# Data provided
···
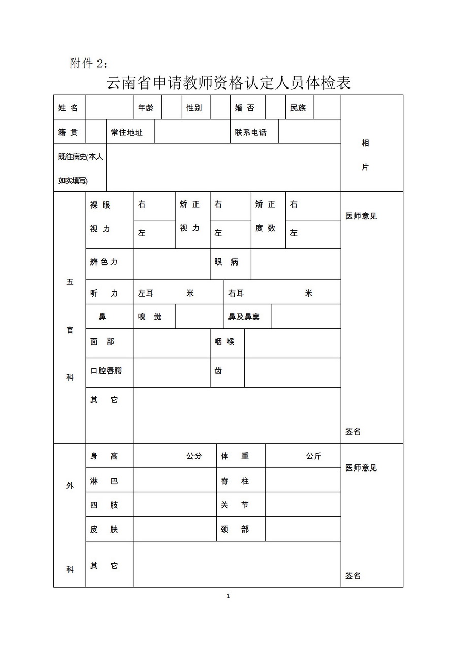 提供《云南省申请教师资格认定人员体检表》原件(见附件2),也可从中国教师资格网(https://www.jszg.edu.cn下载),体检报告仅限当次认定有效。
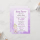 Convites de Chás de Bebê Menina Loira com Ursinho com bolinhas e laços roxos e brancos.
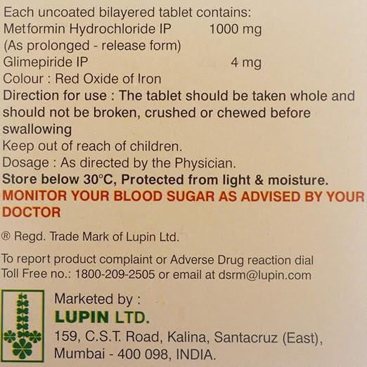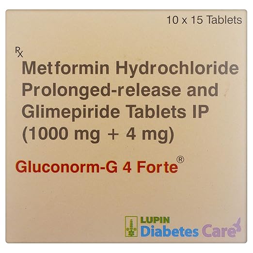 Gluconorm-G 4 Forte Tablet PR is a combination of two antidiabetic medicines: Glimepiride and Metformin. Glimepiride is a sulfonylurea that works by increasing the amount of insulin released by the pancreas to lower the blood glucose. Metformin is a biguanide that works by lowering glucose production in the liver, delaying glucose absorption from the intestines, and increasing the body’s sensitivity to insulin.
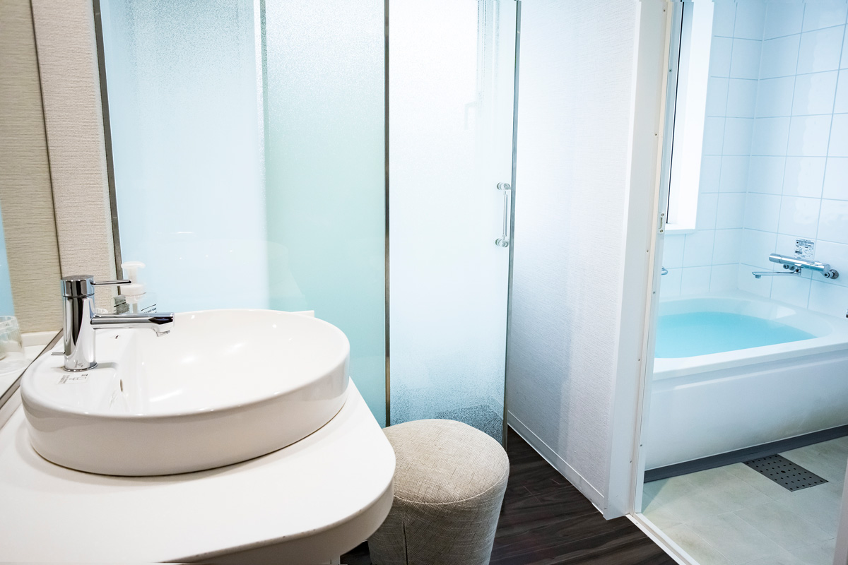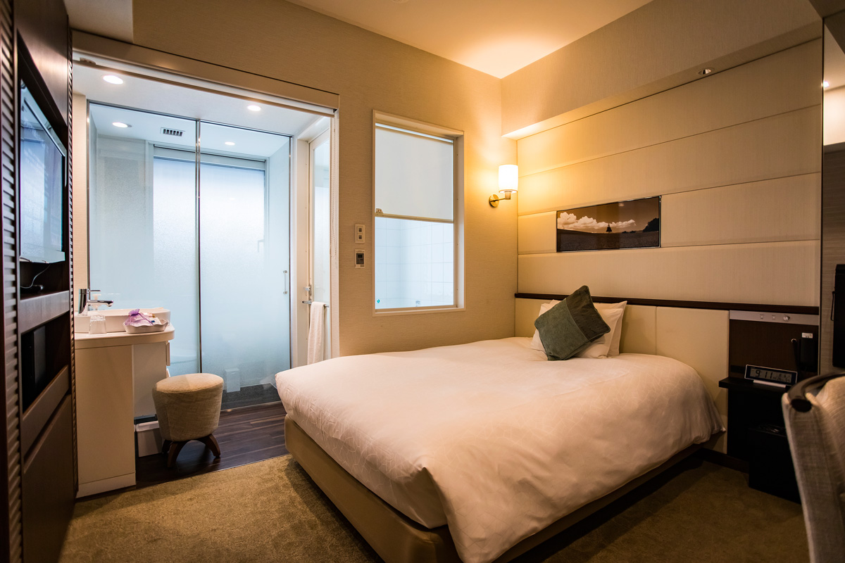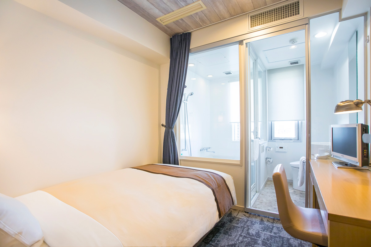 一人旅なら広さ15.4㎡にセミダブルベッドを備えたシングルルームがおすすめ。バス・トイレ・洗面台が別々で、ガラス窓を効果的に使っているので圧迫感がなく、すっきり。
···
# Brief
Everything from the line containing "Gluconorm-G 4 Forte" through the final line of the material must be set down exactly, except the pictures.

# Task response
 Gluconorm-G 4 Forte Tablet PR is a combination of two antidiabetic medicines: Glimepiride and Metformin. Glimepiride is a sulfonylurea that works by increasing the amount of insulin released by the pancreas to lower the blood glucose. Metformin is a biguanide that works by lowering glucose production in the liver, delaying glucose absorption from the intestines, and increasing the body’s sensitivity to insulin.
 一人旅なら広さ15.4㎡にセミダブルベッドを備えたシングルルームがおすすめ。バス・トイレ・洗面台が別々で、ガラス窓を効果的に使っているので圧迫感がなく、すっきり。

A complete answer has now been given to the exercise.